Kodama et al. [29] studied the effects of warming on clouds and radiation from the perspective of individual midlatitude storms, by compositing over storms identified by a storm-tracking algorithm in an aquaplanet model. Upon SST warming, they found a generalized increase in cloud liquid water at low levels, causing a substantial negative SW cloud feedback and a more modest positive LW feedback. This negative SW feedback at mid to high latitudes and the associated cloud water increases are robust features of global warming model experiments [27, 30, 31, 32]. While some of the cloud water increase was attributable to an enhancement of storm amplitude with warming, Kodama et al. [29] were unable to explain the overall cloud water increase in terms of storm intensity, suggesting it is unrelated to dynamical changes.
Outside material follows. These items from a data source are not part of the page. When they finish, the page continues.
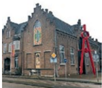
Museum het Cuypershuis.
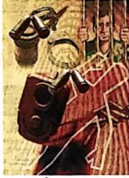
हत्येच्या घटना (२०२२)
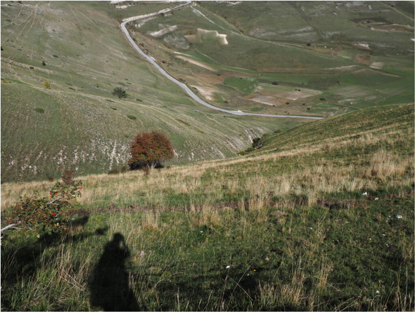
43- La ripida discesa verso la strada da dove si parte.
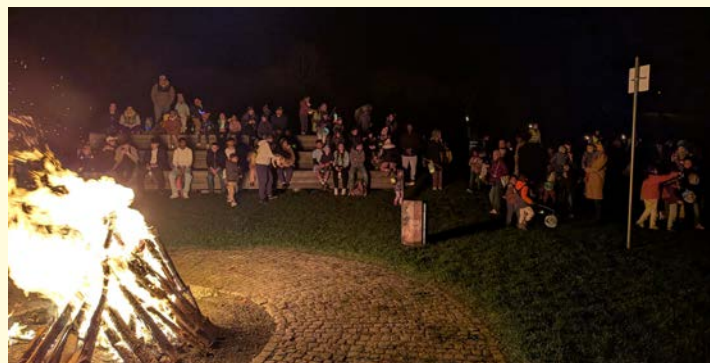
Text und Foto Jugendclub CM

Besonders engagiert waren die Erzieher aus dem Kindergarten Bummi, die mit den Kindern am Lagerfeuer noch das Gute Laune Lied getanzt haben. Nicht nur die Kinder waren begeistert, auch Eltern haben mitgetanzt.
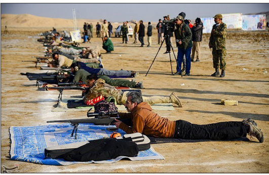
تسنیم - دومین دوره مسابقات تیراندازی آزاد کشور به مناسبت گرامی داشت هفته بسیج در شهر قنات قم برگزار شد.
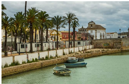
El Puerto De Santa María
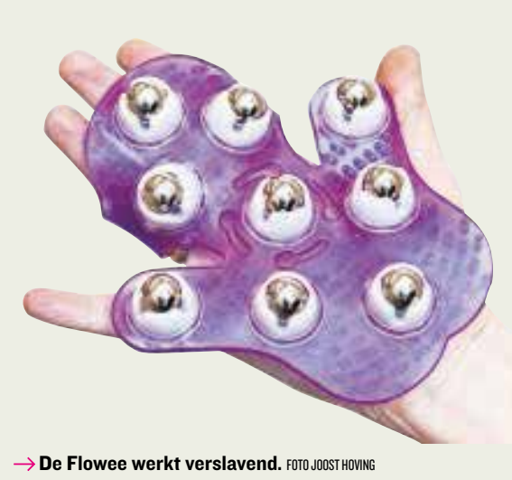
→ De Flowee werkt verslavend.

EIND OORDEEL ★ ★ ★ ★ ★ Hebbeding dat ontspanning biedt.
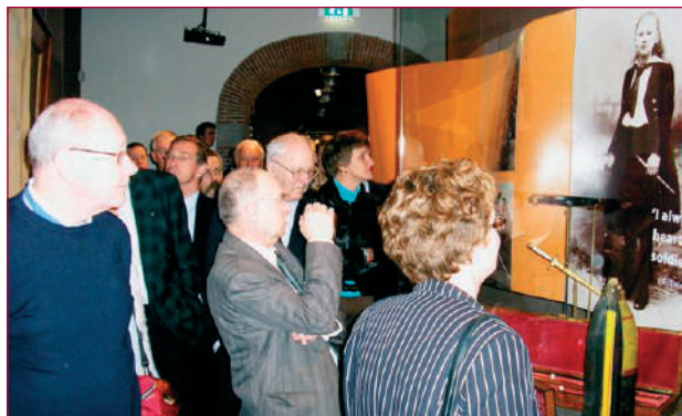
Er kwamen veel Vrienden naar de vernissage van de expositie 'Wilhelmina – Vorstin in oorlogstijd'.

De liefde voor het vaderland had reeds doorgeklonken in de toast die zij op de avond van haar inhuldiging aan het diner in
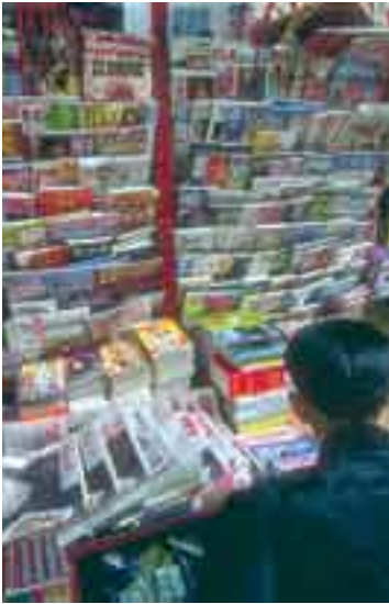
Quiosco de revistas en Hong Kong.

QUIOSCO (Del persa cuixc , pronunciado por los turcos, quioxo , quabellón ) m. Pabellón de estilo oriental, abierto por todos los frentes que se construye en jardines, azoteas, etc., para recreo y otros usos. || Edificio pequeño y generalmente circular u ochavado que se construye en plazas o paseos públicos, y en el que se expenden flores, cigarrillos, fósforos, diarios, revistas y otros artículos de bajo costo. || QUIOSCO DE NECESIDAD. Retrete público.
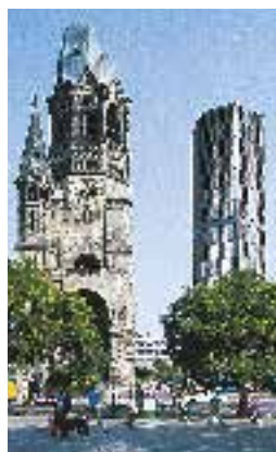
L'église du Souvenir bombardée en 1943 (p. 156-157)
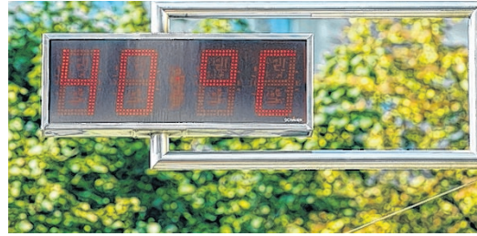
Die Zahl der Hitzetage (ab 30°) wird steigen. Im Oberland werden es 2050 zehn sein (bis 2011: 3).
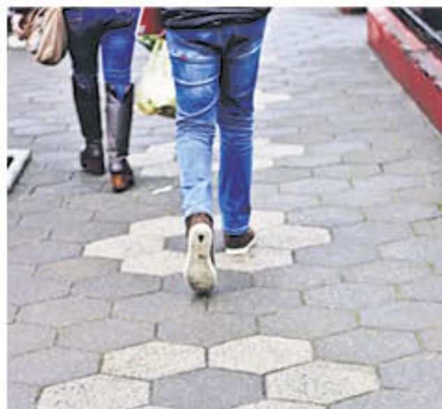
TODO GIRA en torno a la miel, sus veredas por ejemplo tienen forma de las celdillas de una colmena.

Finalmente, Salamanca destaca una vertiente que está entre el estadio y una laguna natural "este lugar es muy visitado tanto por los turistas como los vecinos y también implementaremos medidas para la seguridad constante y la preservación".
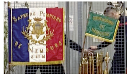
Ci-contre, Le drapeau restauré du centre de secours de Nemours.
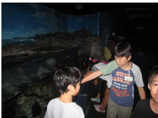
水族館の生き物は、夜のどんな行動をしているかな。
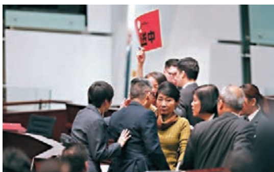
毛孟靜人身攻擊特首。
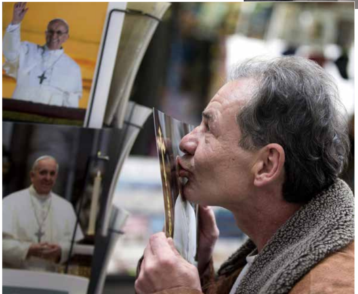
Un indigente besa una imagen del Papa Francisco tras ser atendido en un centro de acogida de la Santa Sede, en Roma.
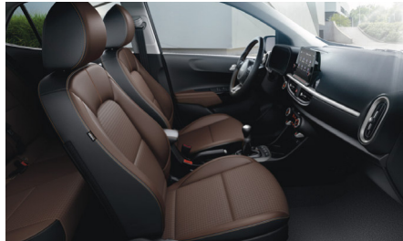
BROWN opciós (PLATINUM felszereléshez) szintetikus bőr kárpit

They also concluded that the poleward shift of the storm track did not appear to significantly contribute to the SW and LW responses in their model.

We confirm and complement previous analyses by calculating the “jet-related” component of the RCP8.5 cloud-radiative response for SW, LW, and net radiation (red curves and shading in Fig. 2), plotted along with the total response for comparison (black curves in Fig. 2), similar to Kay et al. [27] and Ceppi et al. [28]. The jet-related component is calculated by regression analysis of CRE onto monthly mean jet latitude [19], using the 1950–1999 period in the historical experiments of 32 CMIP5 models. The regressions are calculated for each calendar month separately, but only annual-mean results are shown. All CRE responses are adjusted to account for cloud masking effects of temperature, moisture, and surface albedo anomalies, following the radiative kernel method of Soden et al. [2]. The effect of the poleward jet shift is simply obtained by multiplying the jet–CRE regression coefficients with the jet response for each month. Because the North Atlantic and North Pacific jets can vary independently and feature different global warming responses [11, 33, 34], the analysis is performed for each basin separately.
Fig. 2

CRE response to RCP8.5 forcing (thick black) and effect of poleward jet shifts (thin red, 90 % intervals for the models in light red shading, observations dashed). The jet-related component of the CRE response is obtained by regressing CRE onto monthly mean jet latitude (as in Fig. 1), then multiplying the regression coefficients with the RCP8.5 jet shift for each model. The annual-mean, multi-model mean poleward jet shift is 1.7° (SH), 1.3° (N Atlantic), and 1.1° (N Pacific), but we calculate the jet-related response for each month separately before taking annual averages. The RCP8.5 response is defined as 2050–2099 minus 1950–1999. The observations are based on CERES-EBAF CRE data [49] (March 2000–February 2014) combined with ERA-Interim zonal wind [50]. The N Atlantic basin is defined as 60° W–60° E, and the N Pacific as 140° E–120° W

The SW responses feature large meridional dipoles about the midlatitudes, which are partially opposed by the LW responses. While such structures could be interpreted as resulting from a poleward expansion of the circulation, the red curves in Fig. 2 clearly show that this is not the case. It is also evident that the dynamical component is considerably smaller than the RCP8.5 anomalies for all radiation types and in all basins. The dynamical component of the CRE response in the Northern Hemisphere (NH) may be underestimated due to the zonal averaging, since the NH atmospheric circulation response features substantial zonal asymmetry [34]. While this may explain the smaller dynamical CRE response compared to the SH, it seems unlikely that accounting for this asymmetry would substantially affect our main conclusion. Thus, while the dynamical component of the cloud feedback can be a first-order term on a regional scale, particularly in the tropics [4], in a zonal- and annual-mean sense, the thermodynamic component appears to be dominant around the midlatitudes.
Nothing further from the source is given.